Ternyata Gandengan Tangan dengan Kekasih Bisa Redakan Nyeri
Berkat kehadiran pasangan-dengan atau tanpa sentuhan-dapat meningkatkan keseimbangan gelombang alfa pada otak.
TRIBUNJOGJA.COM - Tidak hanya kebahagiaan ketika berdekatan dengan kekasih hati, kedekatan itu ternyata juga berdampak pada fisik.
Kondisi nyeri yang sedang diderita bisa diredakan melalui kedekatan ini.
Hal ini bukan perasaan subyektif semata, tapi sudah dibuktikan secara ilmiah.
Periset menemukan bahwa memegang tangan kekasih dapat memperbaiki gelombang otak yang akhirnya mampu meredam rasa sakit.
Jadi, saat kita sedang merasa tidak nyaman atau nyeri, cobalah memegang tangan pasangan.
Baca: Sering Merasa Nyeri di Bagian Dada Kiri?
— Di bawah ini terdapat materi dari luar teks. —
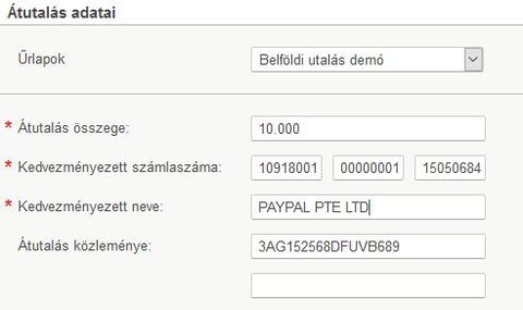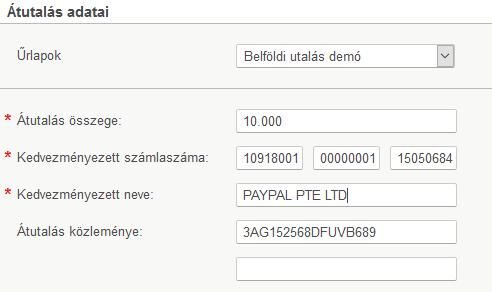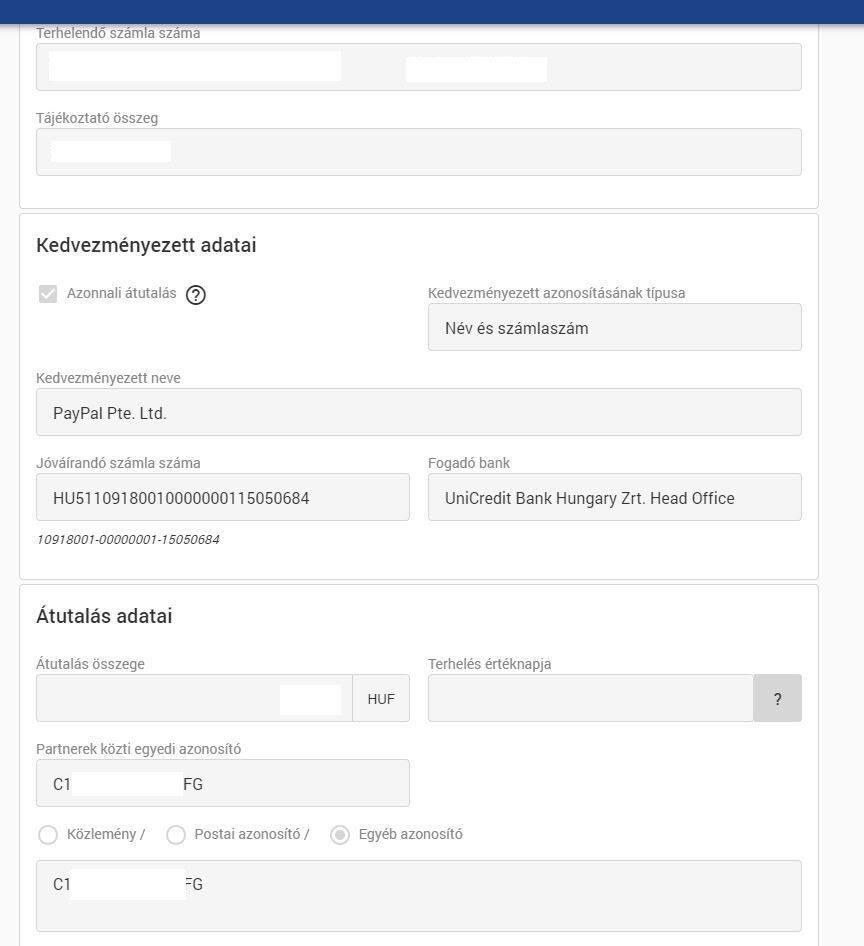 A közlemény rovatba meg lett adva transfer id (átutalás azonosítója), úgy hogy más nem került bele.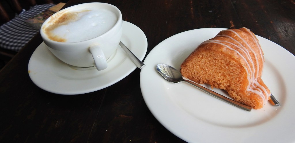With the wooden floors creaking under our shoes, we found our way to a table & ordered for a Cappuccino, a Hot Chocolate, & an Orange Marmalade Cake, and devoured these leisurely. We were taking in calories but they were worth it!

Mungkin Ini Penyebabnya
Riset dari University of Colorado ini menemukan bahwa semakin besar empati pasangan terhadap pasangannya yang sedang sakit, maka keseimbangan gelombang otak semakin aktif dan semakin banyak rasa sakit yang hilang.
"Interaksi fisik sebagai bentuk komunikasi di dunia modern ini semakin sedikit. Temuan ini menggambarkan kekuatan dan pentingnya sentuhan manusia," kata Pavel Goldstein yang memimpin penelitian ini.
Dalam penelitian ini, Goldstein dan timnya merekrut sekelompok pasangan heteroseksual, dengan usia antara 23 sampai 32 tahun yang telah menjalin hubungan setidaknya selama 1 tahun.
Para peneliti mengukur aktivitas gelombang otak peserta dengan Elektroensefalografi (EEG) selama 2 menit.
Selama pengukuran itu, para peserta ada yang diminta untuk duduk dengan pasangan tanpa bersentuhan, lalu ada juga yang duduk bersama pasangan sembari berpengan tangan dan duduk di ruang terpisah dengan pasangannya.
Baca: Nyeri Haid Melanda? 10 Makanan yang Mudah Didapat Ini Bisa Meredakannya
Kemudian, peseta riset juga melakukan pemeriksaan EEG ulang saat mengalami nyeri ringan di lengannya.
Hasilnya, periset menemukan bahwa berkat kehadiran pasangan-dengan atau tanpa sentuhan-dapat meningkatkan keseimbangan gelombang alfa pada otak.
Panjang gelombang ini terkait dengan fokus perhatian.